Still restricted to living only in water, I saw this life split into two distinct forms. One form—the one we call plants—lived on inorganic matter, and turned these elements into food by utilizing carbon dioxide from the early atmosphere. As a by-product, plants released free oxygen into the world for the first time. Plant life spread quickly through the oceans and finally onto the land as well.

The other form—what we call animals—absorbed only organic life to sustain their vibration. As I watched, the animals filled the oceans in the great age of fishes, and, when the plants had released enough oxygen into the atmosphere, began their own trek toward land.

I saw the amphibians—half fish, half something new—leave the water for the first time and use lungs to breathe the new air. Then matter leaped forward again into reptiles and covered the Earth in the great period of the dinosaurs. Then the warm-blooded mammals came and likewise covered the Earth, and I realized that each emerging species represented life—matter—moving into its next higher vibration. Finally, the progression ended. There at the pinnacle stood humankind.
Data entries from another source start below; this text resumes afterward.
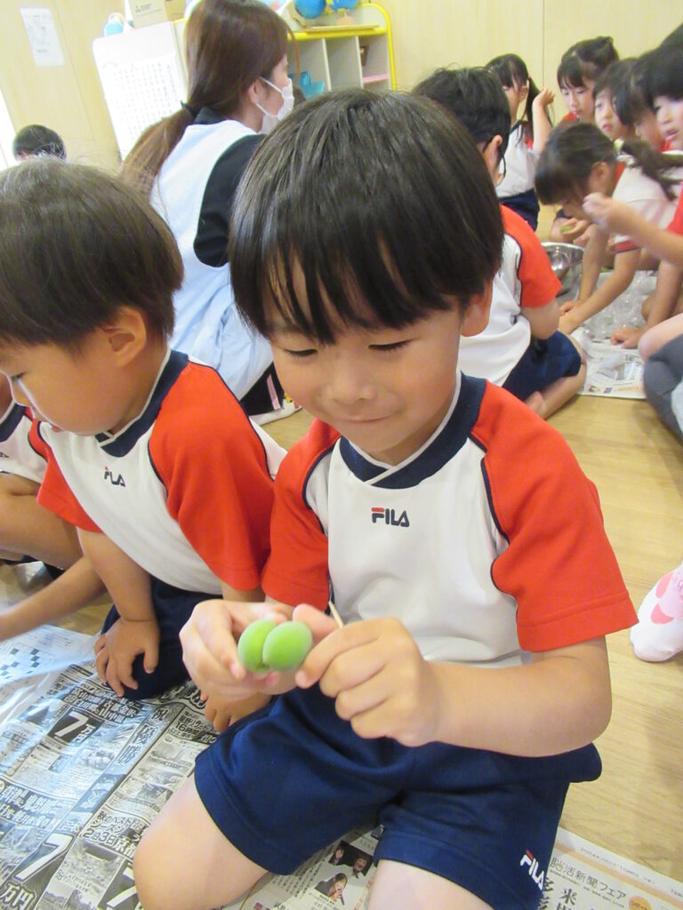 「桃みたいなにおいがする!」「マスカットじゃない?」と梅の甘い香りを楽しんでいましたよ。
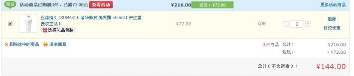 京東報價72元,本身已比其他渠道報價低,現(xiàn)在還參加買三免一的活動,買三瓶144元,折合48元一瓶。
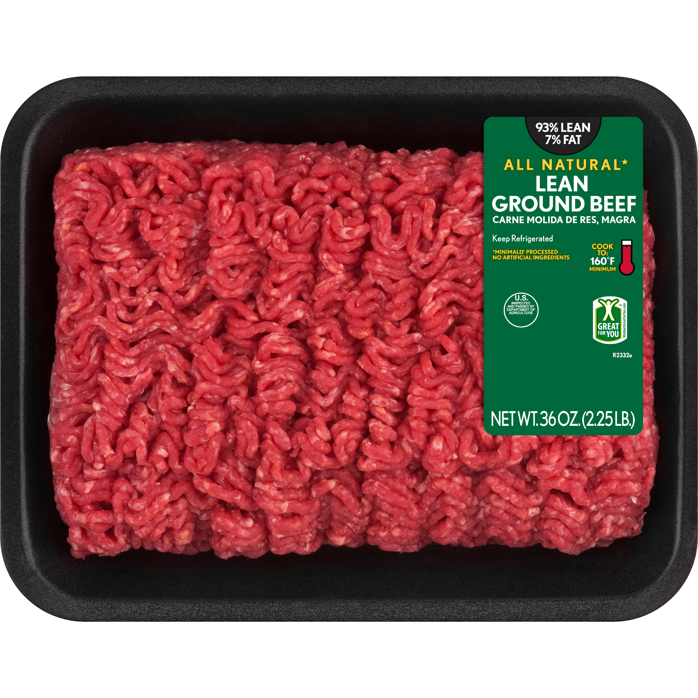 | Retail eCommerce Marketing Message | There's nothing like cooking from scratch, especially when you start with All Natural 93% Lean/7% Fat Lean Ground Beef. Made with quality USDA inspected beef and no artificial ingredients, our all natural* ground beef is juicy, tender and wet aged for flavor. Our beef is an excellent source of protein, vitamin B6, vitamin B12, zinc, niacin, selenium and a good source of phosphorous, riboflavin and iron. All 9 essential nutrients are naturally found in beef and are a flavorful way to give your body nutrients to help power through the day. Great for sautéing or grilling, our ground beef is a delicious addition to your favorite recipes. Simply cook and serve with asparagus, bow tie pasta and pesto sauce for a hearty weeknight dinner. Ground Beef should be cooked to a safe internal temperature of 160°F. Includes one package. *Minimally processed, no artificial ingredients. |

Humankind. The vision ended. I had seen in one flash the entire story of evolution, the story of matter coming into being and then evolving, as if under some guiding plan, toward ever higher vibrations, creating the exact conditions, finally, for humans to emerge…for each of us, as individuals, to emerge.

As I sat there on that mountain, I could almost grasp how this evolution was extended even further in the lives of human beings. Further evolution was related somehow to the experience of life coincidences. Something about these events led us forward in our lives and created a higher vibration that pushed evolution ahead as well. Yet, as hard as I tried, I couldn’t quite understand.

For a long time I sat on the rock precipice, consumed by peace and completeness. Then, abruptly, I became aware that the sun was beginning to sink in the west. I also noticed that toward the northwest about a mile was a town of some kind. I could make out the shapes of roof tops. The road on the west ridge seemed to meander right to it.